Again, I am frequently informed that I post things that are interpreted as hurtful and/or offensive. I have reread this post and am prepared to hear that it is off base. I tried to write it and with and without tone, inference and malice. I think I did okay, but I am reading this with my own interpretation on intent. If anything stated here or above is out of line, please PM me and I will delete my comments.
I'm not taking any offense to that at all. I think we are talking about slightly different things. I said maximize 60' performance (solely speaking of 60'). My understanding is that if you are not slipping the tire at any point in the 60', any suspension articulation is just storing energy in the suspension that you may have been able to put to the ground as acceleration instead. So, if one is dead-hooking every pass and trying to optimize for the power you have, i would do nothing to the suspension (unless you are having issues going straight) and instead add air to the slicks until you started to run into tire slip. Somewhere around there is going to be the best balance between getting the launch right and losing the least power to rolling resistance of underinflated slicks. This is slow-car theory and wouldn't apply to cars that can spin slicks easily. Feel free to contradict me as i have nowhere near your drag racing experience and am open to learning.
bigben
Reader
11/1/17 12:21 a.m.
This is all fine and dandy, but where does one find low buck slicks when there isn't much left in the budget?
I know "plan ahead" "set aside money early." But where do you look when you've already blown most of the budget.
In reply to bigben :
Ummmm, like the drag strip? Same way how people get all these “free” autocross tires, goto the track.... I can find a pair of 26x10x15 slicks everyday there for $150, especially when a series comes through like nmra/nmca.

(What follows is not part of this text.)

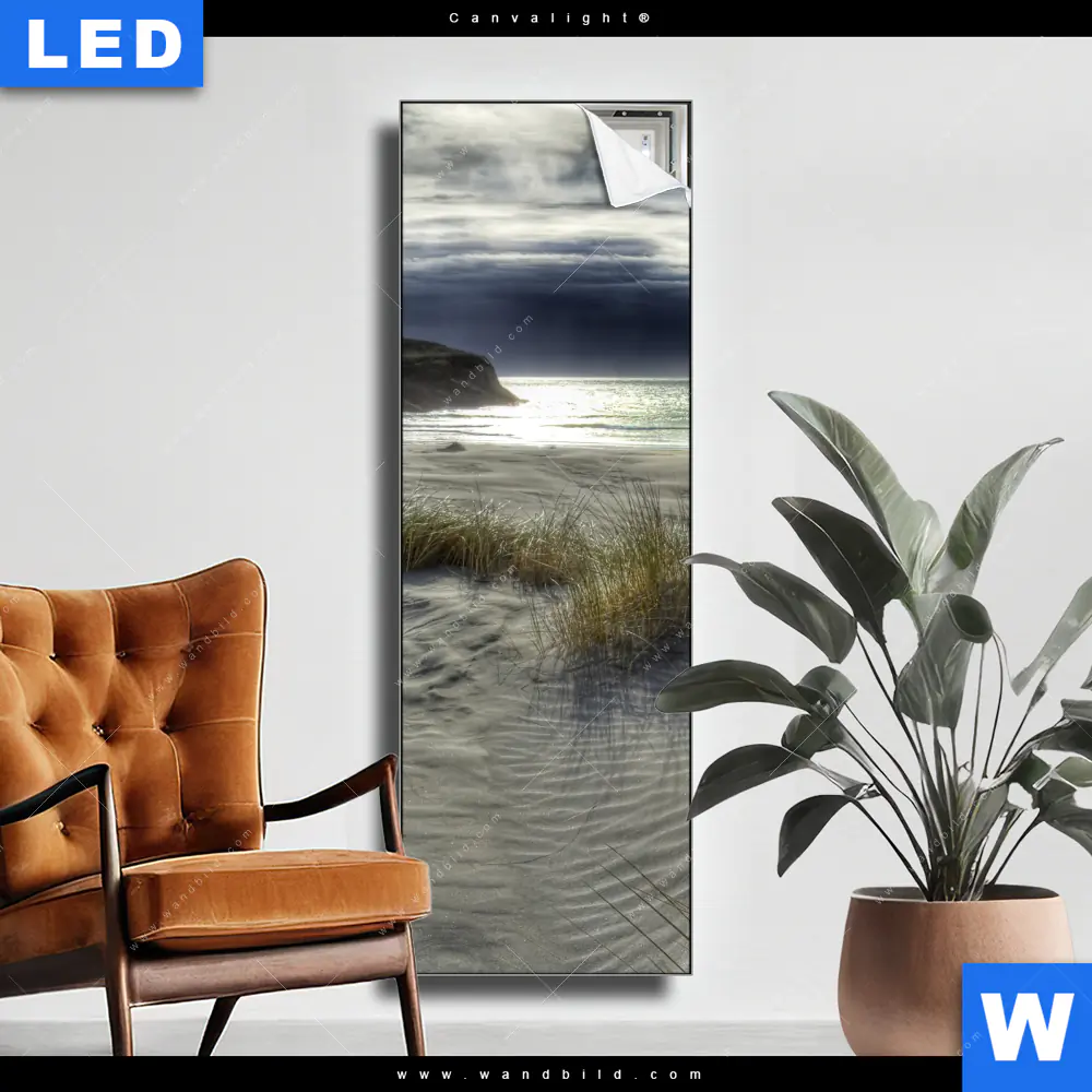 Canvalight® TEX Leuchtbild | Stürmischer Himmel am Strand | Schmal

Personally, given the current rules, unless I can magically find a set of those “free to everyone” autocross tires around these parts, I’ll run fresh drag tires every time. I personally will always run radials since that’s what I have always raced on.
With drag racing, there is always more than one way to get down track the fastest.
Also when Searching for Freebies find a Sponsored Team car as they don't have Pocket Money Invested and would be more Sympathetic to the Cause .
Robbie
PowerDork
11/1/17 8:17 a.m.
This thread is excellent. Thank you all!